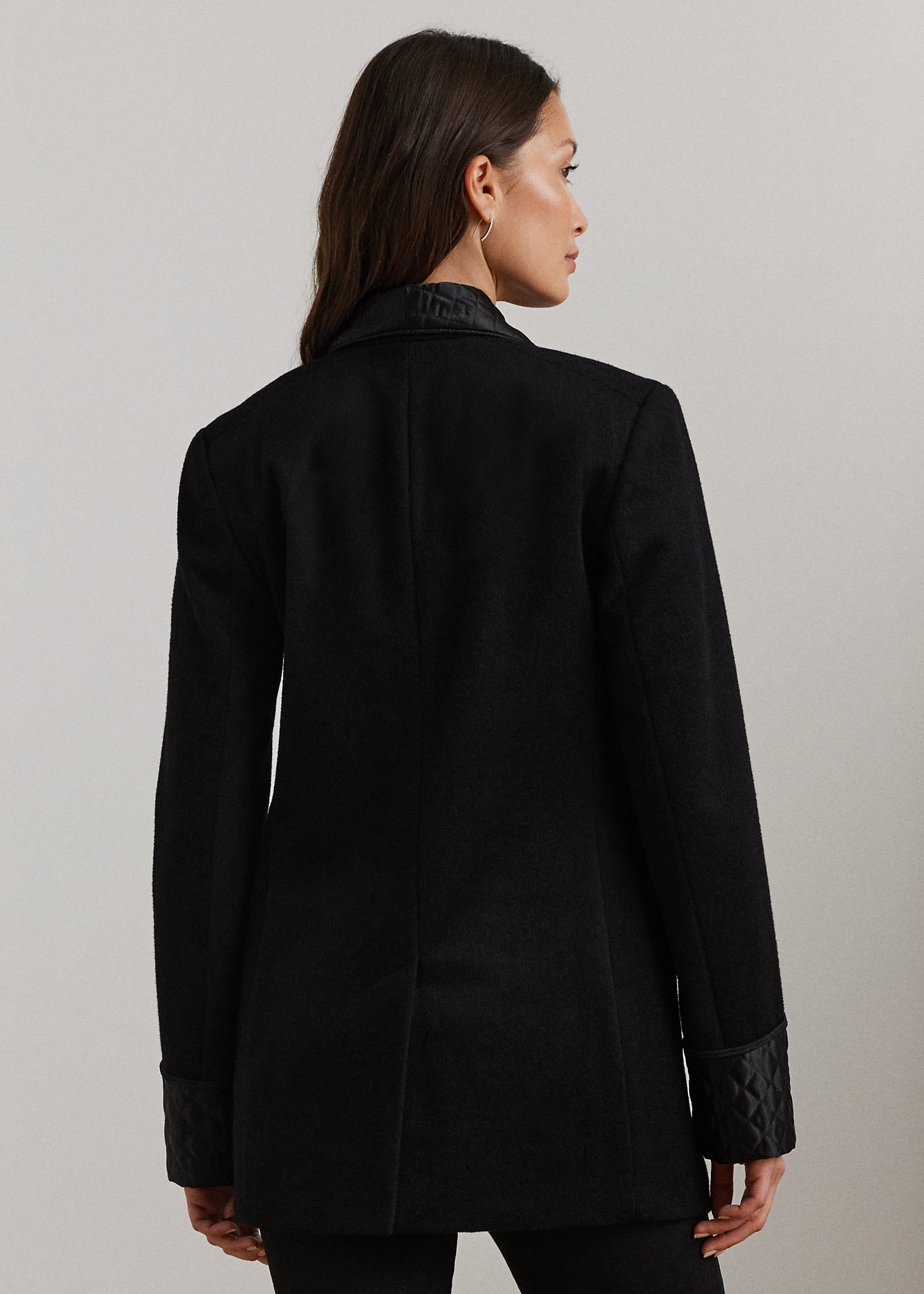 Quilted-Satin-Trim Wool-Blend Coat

**********

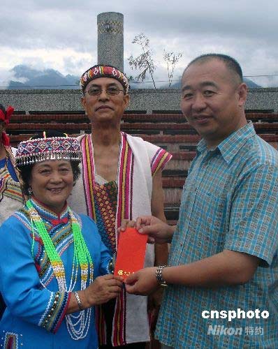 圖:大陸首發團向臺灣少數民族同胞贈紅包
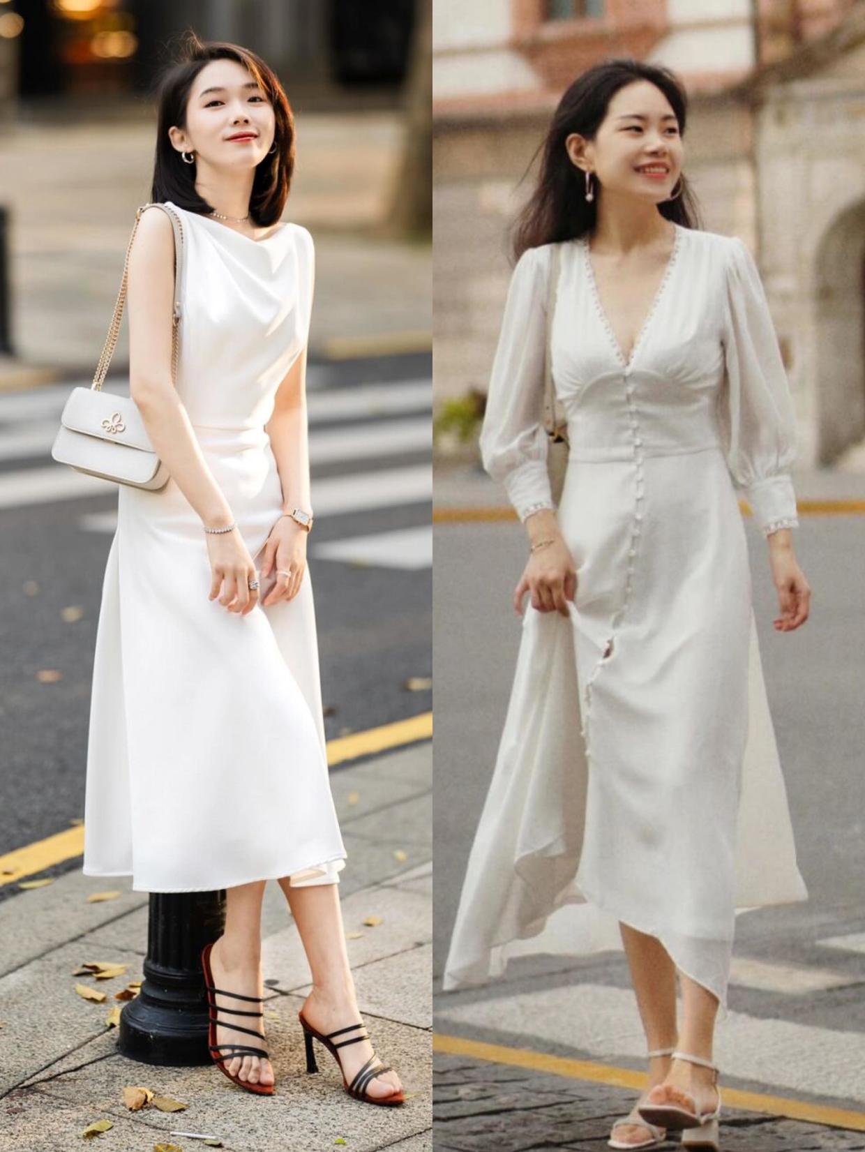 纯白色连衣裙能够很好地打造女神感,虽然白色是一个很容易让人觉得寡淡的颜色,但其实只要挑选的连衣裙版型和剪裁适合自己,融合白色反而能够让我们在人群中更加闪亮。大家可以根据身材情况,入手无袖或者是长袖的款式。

**********

**Task to complete**
When copying from the data above, begin at the line containing "圖:大陸首發團向臺灣少數民族同胞贈紅包" and end at the line containing "纯白色连衣裙能够很好地打造女"; return those lines exactly and leave all pictures behind.

**Result below**
 圖:大陸首發團向臺灣少數民族同胞贈紅包
 纯白色连衣裙能够很好地打造女神感,虽然白色是一个很容易让人觉得寡淡的颜色,但其实只要挑选的连衣裙版型和剪裁适合自己,融合白色反而能够让我们在人群中更加闪亮。大家可以根据身材情况,入手无袖或者是长袖的款式。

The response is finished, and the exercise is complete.